◆ The data:
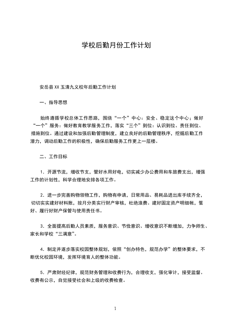 安岳县XX玉清九义校年后勤工作计划
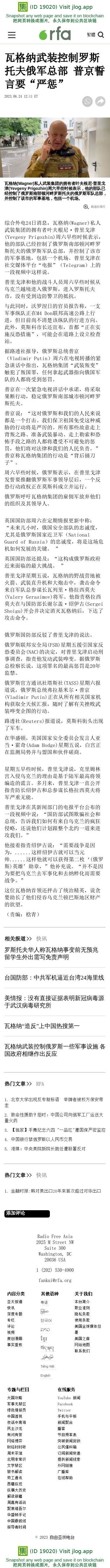 瓦格纳武装控制罗斯托夫俄军总部 普京誓言要“严惩” — 普通话主页
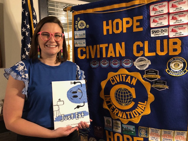 Occupational therapist and children’s book author and illustrator, Jennifer Gentry of Spring Hill, was a recent guest of the Hope Civitan Club. In addition to a short recap of her writing success, she led Civitans in a fun-filled exercise in illustration, proving that almost everyone can draw. She also presented an enlightening program on occupational therapy and its applications for helping children with certain issues that might affect reading success. Her books Shoes On, Car Ride, and Just Eat are available on Amazon, and she hinted that a fourth book is forthcoming. For more information, go to JenniferGentryBooks.com.

◆ Exercise brief: Restate the data above exactly, stripping out each image.

◆ Answer space:
 安岳县XX玉清九义校年后勤工作计划
 瓦格纳武装控制罗斯托夫俄军总部 普京誓言要“严惩” — 普通话主页
 Occupational therapist and children’s book author and illustrator, Jennifer Gentry of Spring Hill, was a recent guest of the Hope Civitan Club. In addition to a short recap of her writing success, she led Civitans in a fun-filled exercise in illustration, proving that almost everyone can draw. She also presented an enlightening program on occupational therapy and its applications for helping children with certain issues that might affect reading success. Her books Shoes On, Car Ride, and Just Eat are available on Amazon, and she hinted that a fourth book is forthcoming. For more information, go to JenniferGentryBooks.com.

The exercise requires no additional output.